Understand that you must not become complacent by deluding yourself with falsely positive self-talk. It does not work that way. Recognize any areas in which you need to do better and make a commitment to improve. However, you should never talk yourself into accepting failure, guilt, helplessness, or any other negative emotions.

3. Select Your Responses

There is no denying that terrible things happen in life. Sometimes we are pushed beyond our limits and find ourselves confronted with awkward situations. Often, we give in to our natural inclination to lash out, scream our heads off, or even unload our aggression on the nearest victims. You must overcome that inclination.

Understand that you have the power to choose your response to any kind of provocation. Yelling, throwing tantrums, or other impulsive reactions might make you feel awesome at the time. However, if you indulge in those reactions, you will find that you end up with feelings of regret when the impulse passes.

Instead of subjecting yourself to such torture, take the time to pause and evaluate your response to any provocation. This not only applies when dealing with difficult people, but also when dealing with people in general. Speak calmly to people who offend you rather than yelling at them. Take the time to explain what is wrong with a colleague’s work rather than unleashing abusive tirades.

Think about it for a moment.
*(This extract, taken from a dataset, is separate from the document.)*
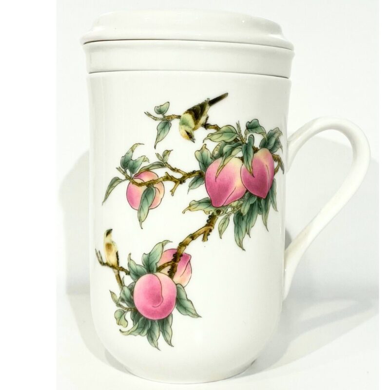 台湾の茶器専門店「風清堂」が手がけた、桃柄の茶こし付きマグカップ。白磁の器に描かれた桃の実は、瑞々しく、枝に宿る生命力を感じさせます。中国文化では「寿桃」と呼ばれ、長寿や吉祥の象徴として親しまれてきたモチーフです。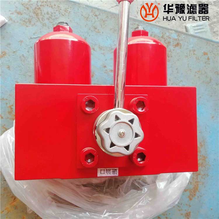 SGF系列雙筒高壓過濾器新型該過濾器由兩只單筒過濾器,換向閥、旁通閥、發(fā)訊器等組成,能使系統(tǒng)在不停機(jī)狀況下更換濾芯,使用于連續(xù)工作的液壓系統(tǒng)。當(dāng)其中一只過濾器的濾芯堵塞至壓差發(fā)訊器壓力指示值為0.5MPa時(shí),發(fā)訊器發(fā)訊、這時(shí)必須更換濾芯。只要轉(zhuǎn)動換向閥、另一只備用過濾器即刻工作,這時(shí)只需要放開螺塞放完油、再旋下外殼、就可更換已堵塞的濾芯。需更換濾芯側(cè)過濾筒,允許少量內(nèi)泄漏。如因故未能及時(shí)更換濾芯壓差繼續(xù)升至旁通閥開啟壓力為0.6MPa時(shí),旁通閥自動開啟以避免由于壓力繼續(xù)上升,濾芯破裂造成再污染,但用戶必須在發(fā)訊器發(fā)訊時(shí)更換濾芯。

Reacting impulsively will likely ruin your relationships with other people and draw them into the vicious cycle of toxicity you should be trying to escape. Besides boosting your social credibility, pausing to choose the right response also improves your self-esteem.

In choosing the right response, you can apply the five-second rule. When provoked, delay your response for five seconds. This way, you overcome your impulsive reaction and are able to choose a better and more productive response.

4. Search for Positive Emotions

Humans tend to sway toward the negative. They will readily overlook any positive signs staring them in the face and seek out negativity, even in places where none can be found. This behavior is so common that a special name exists for it. It is known as the negativity bias. You cannot blame them, though; negative emotions such as fear, anger, and anxiety carry a lot of weight. Definitely, it is easy to notice them once they are present.

On the other hand, positive emotions such as peace, contentment, and gratitude is considerably lighter. You will only notice them when you make the effort. Begin to make that effort. Start by looking for the tiniest bits of light in overwhelming darkness. See the brighter side of every picture and vocalize these feelings.

Your focus is your power. Whatever emotions you make the object of your focus will be amplified with time. By choosing to overlook negative feelings and focus only on positives, you maximize this power, boosting your mental well-being and improving your resilience.

5. Seek Therapy

Managing your emotions is not a feat that you can achieve all by yourself. You will need support and even professional help as you begin.

Although many people are born with mild temperaments, which they may have inherited from their parents, nobody is a natural expert at managing their emotions.

Like any learned skill, emotional regulation is mastered through constant practice. Managing your emotions requires a high level of self-awareness. You may find yourself overwhelmed by the effort, especially in the beginning. It is also more difficult to commit to emotional regulation in the face of mounting toxicity.

That’s where therapy comes in. A professional therapist can help you discover better emotional regulation strategies, as well as evaluate your progress. Working with a therapist will help you to discover useful insights about areas in which you could improve your emotional regulation.

Remember!

While it is impossible to completely avoid toxic people, you can identify them, measure your response to mounting toxicity, and create your escape route. By becoming a master of your emotions, you take back the control from toxic people around you and begin to put the necessary measures in place to protect yourself.

Reference

Ann Kring and Denise Sloan, eds., Emotion Regulation and Psychopathology: A Transdiagnostic Approach to Etiology and Treatment, New York: The Guilford Press, 2010, p. 42-46.